A196-04
Using Machine Learning to Predict the Accuracy of Thunderstorm Forecasts from a Warn-on-Forecast Ensemble
Abstract:
To address this topic, we leverage the several hundred ensemble forecasts generated by the NOAA National Severe Storms Laboratory Warn-on-Forecast System (WoFS) during the 2017-2020 warm seasons. We begin by developing an ensemble forecast accuracy score that is heavily informed by object-based verification metrics of storm occurrence and location. This score is computed for every WoFS forecast for every observed storm at lead times of [0, 30, ..., 180] minutes. We then examine relationships between the forecast scores and various characteristics of the observed storms and of near-storm sounding parameters. Upon identifying features that substantially correlate with WoFS forecast accuracy, we develop and evaluate machine learning models that input subsets of these features valid at 0 min or 30 min into the forecast and output predictions of whether the forecast at later lead times will score in the lower, middle, or upper tercile of all forecasts having the same lead time (i.e., have below average, near average, or above average accuracy).
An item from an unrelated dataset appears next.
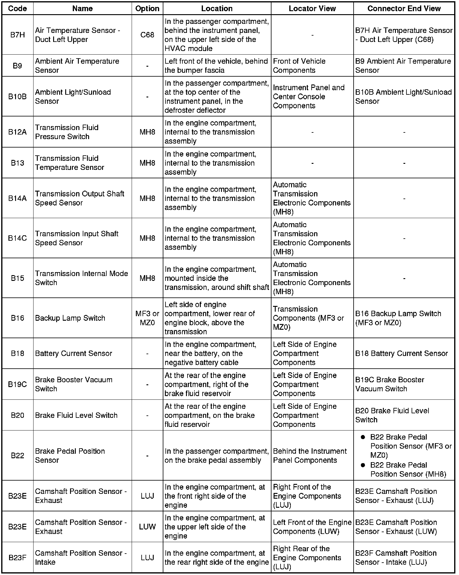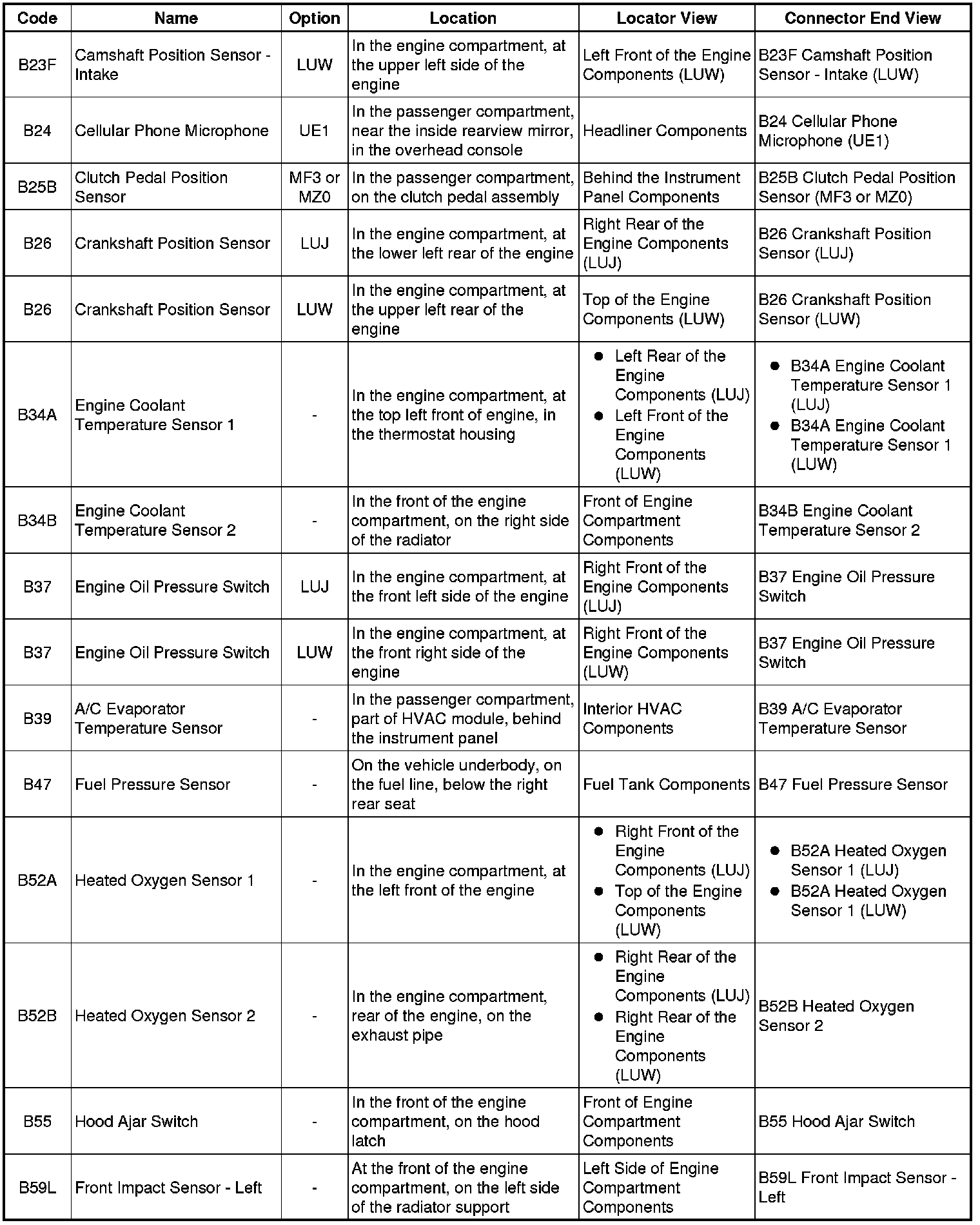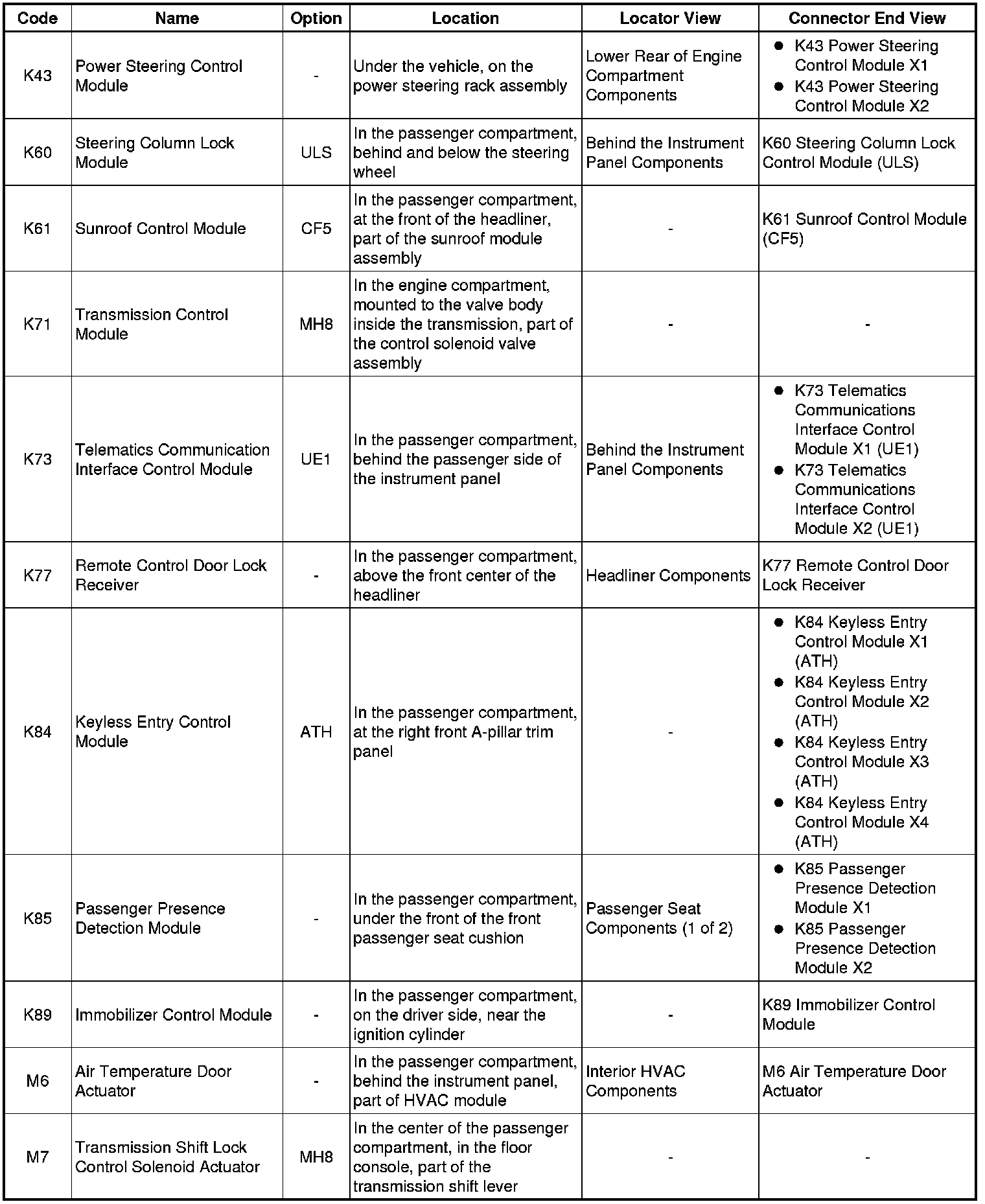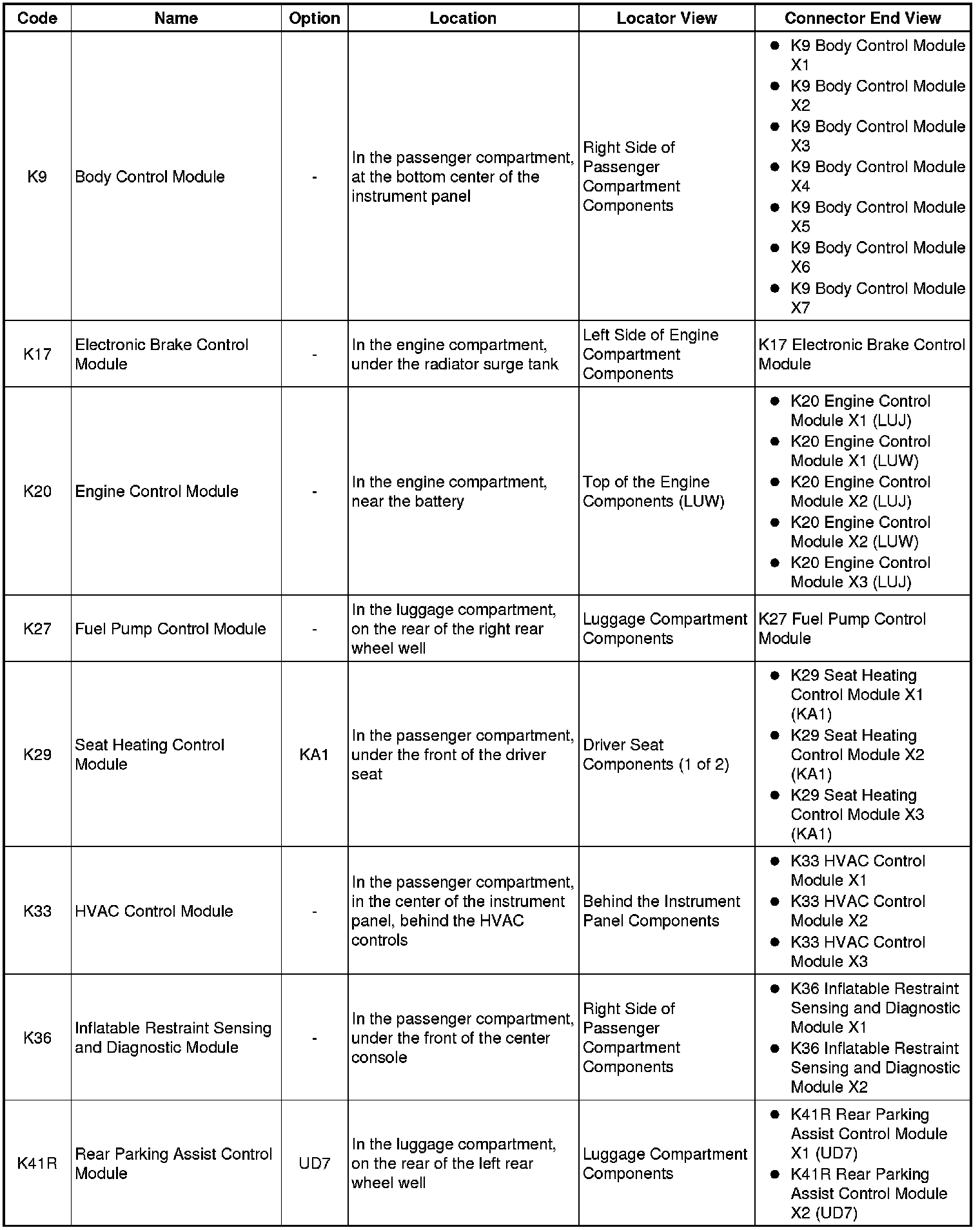 Master Electrical Component List

Preliminary results indicate that WoFS forecast performance varies non-monotonically with near-storm sounding parameters, is higher for mesoscale convective systems than for discrete storms, and is higher in the evening than the afternoon. A trained random forest model exhibits substantial skill in predicting forecast performance, with much of the skill deriving from the storm environment features and the ensemble forecast accuracy valid at the 30-min lead time.